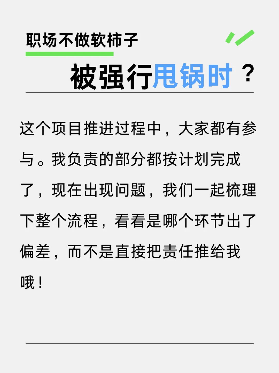 “这个项目推进过程中,大家都有参与。我负责的部分都按计划完成了,现在出现问题,我们一起梳理下整个流程,看看是哪个环节出了偏差,而不是直接把责任推给我哦🙅♀️”
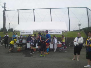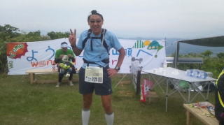 左手に持っている青い布はゴール時にいただいた完走賞ですが、いったい何なのか、どう使うのか全く不明です。
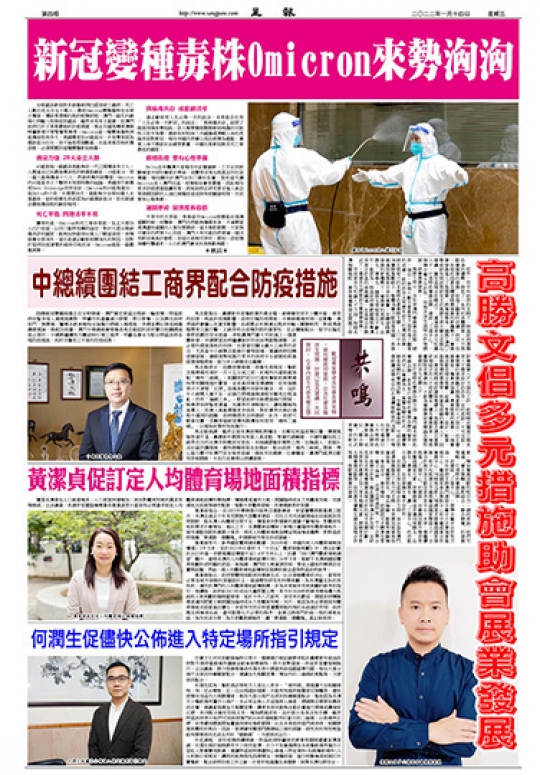 因應新冠變種病毒正在全球肆虐,澳門鄰近地區出現新一輪疫情,特區政府收緊多項入境措施應對,呼籲市民盡量減少群聚、節日聚餐,以及將在政府部門、娛樂場、醫療及飲食場所全面推行掃碼入場措施,多措並舉以降低病毒傳播風險,築起防疫牆。澳門中華總商會理事長馬志毅認同政府實行相關措施是必要的,中總將繼續努力團結和引領工商界,呼籲各業全力配合特區政府各項防疫措施,共同守護來之不易的防疫成果。

● ● ●

Line for line, restate the data above and omit every picture.

 “这个项目推进过程中,大家都有参与。我负责的部分都按计划完成了,现在出现问题,我们一起梳理下整个流程,看看是哪个环节出了偏差,而不是直接把责任推给我哦🙅♀️”
 左手に持っている青い布はゴール時にいただいた完走賞ですが、いったい何なのか、どう使うのか全く不明です。
 因應新冠變種病毒正在全球肆虐,澳門鄰近地區出現新一輪疫情,特區政府收緊多項入境措施應對,呼籲市民盡量減少群聚、節日聚餐,以及將在政府部門、娛樂場、醫療及飲食場所全面推行掃碼入場措施,多措並舉以降低病毒傳播風險,築起防疫牆。澳門中華總商會理事長馬志毅認同政府實行相關措施是必要的,中總將繼續努力團結和引領工商界,呼籲各業全力配合特區政府各項防疫措施,共同守護來之不易的防疫成果。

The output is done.